Data excerpts:

----------------

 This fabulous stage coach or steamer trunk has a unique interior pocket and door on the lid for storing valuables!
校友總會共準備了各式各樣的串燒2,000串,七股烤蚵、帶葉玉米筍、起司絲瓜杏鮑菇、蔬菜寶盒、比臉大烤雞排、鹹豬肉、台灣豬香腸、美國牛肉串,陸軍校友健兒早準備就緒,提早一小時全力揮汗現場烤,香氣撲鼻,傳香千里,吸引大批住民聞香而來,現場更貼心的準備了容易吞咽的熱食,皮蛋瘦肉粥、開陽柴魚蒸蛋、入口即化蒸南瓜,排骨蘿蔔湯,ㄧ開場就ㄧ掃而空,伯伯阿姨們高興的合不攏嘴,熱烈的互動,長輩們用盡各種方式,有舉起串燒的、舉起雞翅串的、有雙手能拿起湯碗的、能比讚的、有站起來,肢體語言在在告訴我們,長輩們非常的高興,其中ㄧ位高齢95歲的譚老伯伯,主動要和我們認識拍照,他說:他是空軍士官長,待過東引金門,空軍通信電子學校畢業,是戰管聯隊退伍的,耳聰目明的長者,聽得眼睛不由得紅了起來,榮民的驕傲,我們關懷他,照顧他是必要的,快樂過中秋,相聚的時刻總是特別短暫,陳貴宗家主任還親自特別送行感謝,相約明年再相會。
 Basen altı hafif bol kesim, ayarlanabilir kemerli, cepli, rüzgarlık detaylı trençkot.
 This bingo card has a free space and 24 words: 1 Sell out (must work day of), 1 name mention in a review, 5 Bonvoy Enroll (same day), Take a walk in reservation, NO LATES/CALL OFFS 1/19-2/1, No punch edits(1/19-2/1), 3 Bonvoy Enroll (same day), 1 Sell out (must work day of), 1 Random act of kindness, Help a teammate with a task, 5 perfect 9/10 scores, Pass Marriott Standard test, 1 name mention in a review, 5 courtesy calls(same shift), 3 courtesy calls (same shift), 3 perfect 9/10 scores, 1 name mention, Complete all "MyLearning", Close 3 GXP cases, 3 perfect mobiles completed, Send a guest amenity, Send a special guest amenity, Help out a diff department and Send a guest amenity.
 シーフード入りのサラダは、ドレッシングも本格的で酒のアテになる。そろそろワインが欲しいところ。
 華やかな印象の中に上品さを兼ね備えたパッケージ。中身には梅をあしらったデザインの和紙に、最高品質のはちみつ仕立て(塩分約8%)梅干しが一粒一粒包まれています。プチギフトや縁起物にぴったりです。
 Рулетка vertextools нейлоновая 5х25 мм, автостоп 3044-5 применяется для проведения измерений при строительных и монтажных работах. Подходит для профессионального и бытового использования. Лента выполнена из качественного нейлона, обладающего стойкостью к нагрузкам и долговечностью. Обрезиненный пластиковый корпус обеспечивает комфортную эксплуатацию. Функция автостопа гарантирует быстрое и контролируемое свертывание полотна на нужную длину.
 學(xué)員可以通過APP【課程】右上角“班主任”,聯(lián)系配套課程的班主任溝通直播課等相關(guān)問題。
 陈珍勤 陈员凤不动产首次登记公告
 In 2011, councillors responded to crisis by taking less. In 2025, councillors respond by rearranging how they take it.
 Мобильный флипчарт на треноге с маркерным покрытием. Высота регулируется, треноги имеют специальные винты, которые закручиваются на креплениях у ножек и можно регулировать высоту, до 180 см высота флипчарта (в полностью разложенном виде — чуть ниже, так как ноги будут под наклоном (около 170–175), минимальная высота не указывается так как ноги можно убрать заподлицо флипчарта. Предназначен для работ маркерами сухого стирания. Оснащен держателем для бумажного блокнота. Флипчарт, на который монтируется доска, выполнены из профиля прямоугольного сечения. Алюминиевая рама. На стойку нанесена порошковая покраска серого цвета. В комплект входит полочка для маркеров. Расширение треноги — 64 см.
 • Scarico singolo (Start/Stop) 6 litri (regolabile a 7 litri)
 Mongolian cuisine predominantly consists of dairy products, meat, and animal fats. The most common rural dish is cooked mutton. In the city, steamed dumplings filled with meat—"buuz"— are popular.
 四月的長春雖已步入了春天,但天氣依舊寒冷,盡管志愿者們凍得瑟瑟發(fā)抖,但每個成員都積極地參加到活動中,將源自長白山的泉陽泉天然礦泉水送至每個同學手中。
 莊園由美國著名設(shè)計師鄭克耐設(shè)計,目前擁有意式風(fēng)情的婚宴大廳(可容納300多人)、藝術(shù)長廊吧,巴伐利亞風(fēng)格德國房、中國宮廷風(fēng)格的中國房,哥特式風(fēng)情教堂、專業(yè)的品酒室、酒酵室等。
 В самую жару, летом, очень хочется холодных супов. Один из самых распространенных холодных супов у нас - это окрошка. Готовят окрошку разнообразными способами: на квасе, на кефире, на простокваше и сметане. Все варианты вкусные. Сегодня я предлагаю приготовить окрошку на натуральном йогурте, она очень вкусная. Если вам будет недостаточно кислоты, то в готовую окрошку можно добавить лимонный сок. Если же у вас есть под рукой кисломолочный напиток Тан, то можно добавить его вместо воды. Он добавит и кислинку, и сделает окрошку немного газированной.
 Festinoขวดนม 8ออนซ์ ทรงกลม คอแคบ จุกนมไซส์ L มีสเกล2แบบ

----------------

• **Exercise brief**
Each line of the data must be copied exactly as it appears.

• **Solution for this exercise**
 This fabulous stage coach or steamer trunk has a unique interior pocket and door on the lid for storing valuables!
校友總會共準備了各式各樣的串燒2,000串,七股烤蚵、帶葉玉米筍、起司絲瓜杏鮑菇、蔬菜寶盒、比臉大烤雞排、鹹豬肉、台灣豬香腸、美國牛肉串,陸軍校友健兒早準備就緒,提早一小時全力揮汗現場烤,香氣撲鼻,傳香千里,吸引大批住民聞香而來,現場更貼心的準備了容易吞咽的熱食,皮蛋瘦肉粥、開陽柴魚蒸蛋、入口即化蒸南瓜,排骨蘿蔔湯,ㄧ開場就ㄧ掃而空,伯伯阿姨們高興的合不攏嘴,熱烈的互動,長輩們用盡各種方式,有舉起串燒的、舉起雞翅串的、有雙手能拿起湯碗的、能比讚的、有站起來,肢體語言在在告訴我們,長輩們非常的高興,其中ㄧ位高齢95歲的譚老伯伯,主動要和我們認識拍照,他說:他是空軍士官長,待過東引金門,空軍通信電子學校畢業,是戰管聯隊退伍的,耳聰目明的長者,聽得眼睛不由得紅了起來,榮民的驕傲,我們關懷他,照顧他是必要的,快樂過中秋,相聚的時刻總是特別短暫,陳貴宗家主任還親自特別送行感謝,相約明年再相會。
 Basen altı hafif bol kesim, ayarlanabilir kemerli, cepli, rüzgarlık detaylı trençkot.
 This bingo card has a free space and 24 words: 1 Sell out (must work day of), 1 name mention in a review, 5 Bonvoy Enroll (same day), Take a walk in reservation, NO LATES/CALL OFFS 1/19-2/1, No punch edits(1/19-2/1), 3 Bonvoy Enroll (same day), 1 Sell out (must work day of), 1 Random act of kindness, Help a teammate with a task, 5 perfect 9/10 scores, Pass Marriott Standard test, 1 name mention in a review, 5 courtesy calls(same shift), 3 courtesy calls (same shift), 3 perfect 9/10 scores, 1 name mention, Complete all "MyLearning", Close 3 GXP cases, 3 perfect mobiles completed, Send a guest amenity, Send a special guest amenity, Help out a diff department and Send a guest amenity.
 シーフード入りのサラダは、ドレッシングも本格的で酒のアテになる。そろそろワインが欲しいところ。
 華やかな印象の中に上品さを兼ね備えたパッケージ。中身には梅をあしらったデザインの和紙に、最高品質のはちみつ仕立て(塩分約8%)梅干しが一粒一粒包まれています。プチギフトや縁起物にぴったりです。
 Рулетка vertextools нейлоновая 5х25 мм, автостоп 3044-5 применяется для проведения измерений при строительных и монтажных работах. Подходит для профессионального и бытового использования. Лента выполнена из качественного нейлона, обладающего стойкостью к нагрузкам и долговечностью. Обрезиненный пластиковый корпус обеспечивает комфортную эксплуатацию. Функция автостопа гарантирует быстрое и контролируемое свертывание полотна на нужную длину.
 學(xué)員可以通過APP【課程】右上角“班主任”,聯(lián)系配套課程的班主任溝通直播課等相關(guān)問題。
 陈珍勤 陈员凤不动产首次登记公告
 In 2011, councillors responded to crisis by taking less. In 2025, councillors respond by rearranging how they take it.
 Мобильный флипчарт на треноге с маркерным покрытием. Высота регулируется, треноги имеют специальные винты, которые закручиваются на креплениях у ножек и можно регулировать высоту, до 180 см высота флипчарта (в полностью разложенном виде — чуть ниже, так как ноги будут под наклоном (около 170–175), минимальная высота не указывается так как ноги можно убрать заподлицо флипчарта. Предназначен для работ маркерами сухого стирания. Оснащен держателем для бумажного блокнота. Флипчарт, на который монтируется доска, выполнены из профиля прямоугольного сечения. Алюминиевая рама. На стойку нанесена порошковая покраска серого цвета. В комплект входит полочка для маркеров. Расширение треноги — 64 см.
 • Scarico singolo (Start/Stop) 6 litri (regolabile a 7 litri)
 Mongolian cuisine predominantly consists of dairy products, meat, and animal fats. The most common rural dish is cooked mutton. In the city, steamed dumplings filled with meat—"buuz"— are popular.
 四月的長春雖已步入了春天,但天氣依舊寒冷,盡管志愿者們凍得瑟瑟發(fā)抖,但每個成員都積極地參加到活動中,將源自長白山的泉陽泉天然礦泉水送至每個同學手中。
 莊園由美國著名設(shè)計師鄭克耐設(shè)計,目前擁有意式風(fēng)情的婚宴大廳(可容納300多人)、藝術(shù)長廊吧,巴伐利亞風(fēng)格德國房、中國宮廷風(fēng)格的中國房,哥特式風(fēng)情教堂、專業(yè)的品酒室、酒酵室等。
 В самую жару, летом, очень хочется холодных супов. Один из самых распространенных холодных супов у нас - это окрошка. Готовят окрошку разнообразными способами: на квасе, на кефире, на простокваше и сметане. Все варианты вкусные. Сегодня я предлагаю приготовить окрошку на натуральном йогурте, она очень вкусная. Если вам будет недостаточно кислоты, то в готовую окрошку можно добавить лимонный сок. Если же у вас есть под рукой кисломолочный напиток Тан, то можно добавить его вместо воды. Он добавит и кислинку, и сделает окрошку немного газированной.
 Festinoขวดนม 8ออนซ์ ทรงกลม คอแคบ จุกนมไซส์ L มีสเกล2แบบ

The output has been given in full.